Musim ini terasa sedikit disingkat dari musim pertama animasi aslinya, tetapi tidak banyak. Salah satunya adalah, dengan durasi sekitar satu jam, masing-masing dari delapan episode memiliki durasi dua kali lipat dari sebuah episode animasi. Tapi itu juga menggabungkan cerita dan bahkan menyatukan elemen-elemen acquainted dengan cara yang tidak terduga. Hasilnya adalah musim yang mengalir seperti satu cerita yang berkesinambungan, tanpa tamasya satu kali atau episode botol. Ditambah lagi, adaptasi ini sedikit menambahkan elemen baru pada latar belakang karakter tertentu dengan cara yang sesuai dengan materi yang ada namun menambahkan lapisan dan nuansa baru pada peristiwa.
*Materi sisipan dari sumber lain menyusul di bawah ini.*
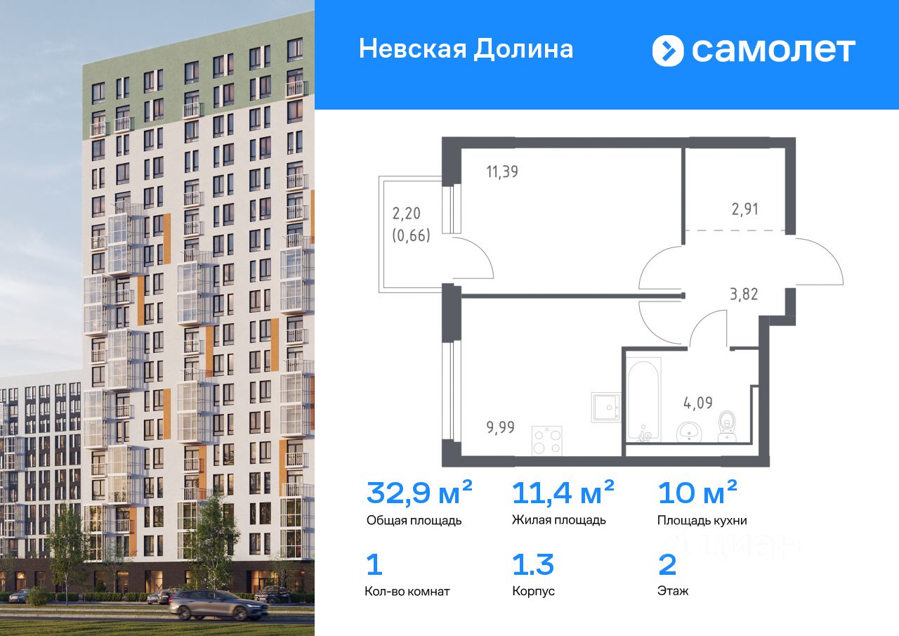 Строим кварталы для жизни с заботой о будущем. Предлагается 1-комнатная квартира комфорт-класса 32,86 кв.м в корпусе 1.3 на 2 этаже, в ЖК "Невская Долина"

Namun, mungkin yang paling penting adalah adaptasi live-action ini berhasil menerapkan satu elemen yang tidak dapat diabaikan: kinetikisme adegan pertarungan. Pada titik ini, sangat sulit untuk tidak memikirkan kembali adaptasi Shyamalan, di mana pertarungan sering kali kaku dan kaku. Salah satu elemen paling ikonik dari seri Avatar adalah bagaimana berbagai bentuk pembengkokan, semuanya terinspirasi oleh seni bela diri di kehidupan nyata, menggabungkan gerakan dan manipulasi elemen menjadi satu aksi halus yang terlihat dapat dipercaya dan fantastis. Versi live-action ini menangkap hal tersebut dengan indah, dengan beragam koreografi pertarungan yang mengekspresikan keunikan dan kelancaran setiap bentuk tekukan, dan sebagian besar pengambilan gambar lebar yang memungkinkan Anda mengapresiasi gerakan elegan seni bela diri. Menyaksikan para pemain beradu satu sama lain, atau kadang-kadang, melawan lawan terampil yang tidak memiliki kekuatan menekuk sama sekali, adalah pengalaman yang sangat menyenangkan.
Semuanya mencapai klimaks yang terasa agak melodramatis dalam banyak hal yang sama seperti akhir musim pertama dari serial animasi tersebut, meskipun sedikit lebih diperoleh dengan meletakkan beberapa landasan penting di awal musim. Dan seperti aslinya, movie ini sebagian bergantung pada subplot kisah cinta yang terasa terlalu terburu-buru untuk menjadi bermakna seperti yang dimaksudkan. Namun saya senang mengetahui bahwa Avatar: Pengendali Udara Terakhir juga memikat hati acara tersebut, dengan karakter-karakter yang bergulat dengan ide-ide seperti patriarki, trauma generasi, pasifisme, dan kekuatan hubungan antarmanusia. Bagian akhir membawa beberapa hubungan dan cerita ke kesimpulan yang memuaskan, sekaligus menyiapkan panggung untuk apa yang akan terjadi selanjutnya. Melawan segala rintangan, saya tidak sabar menunggu.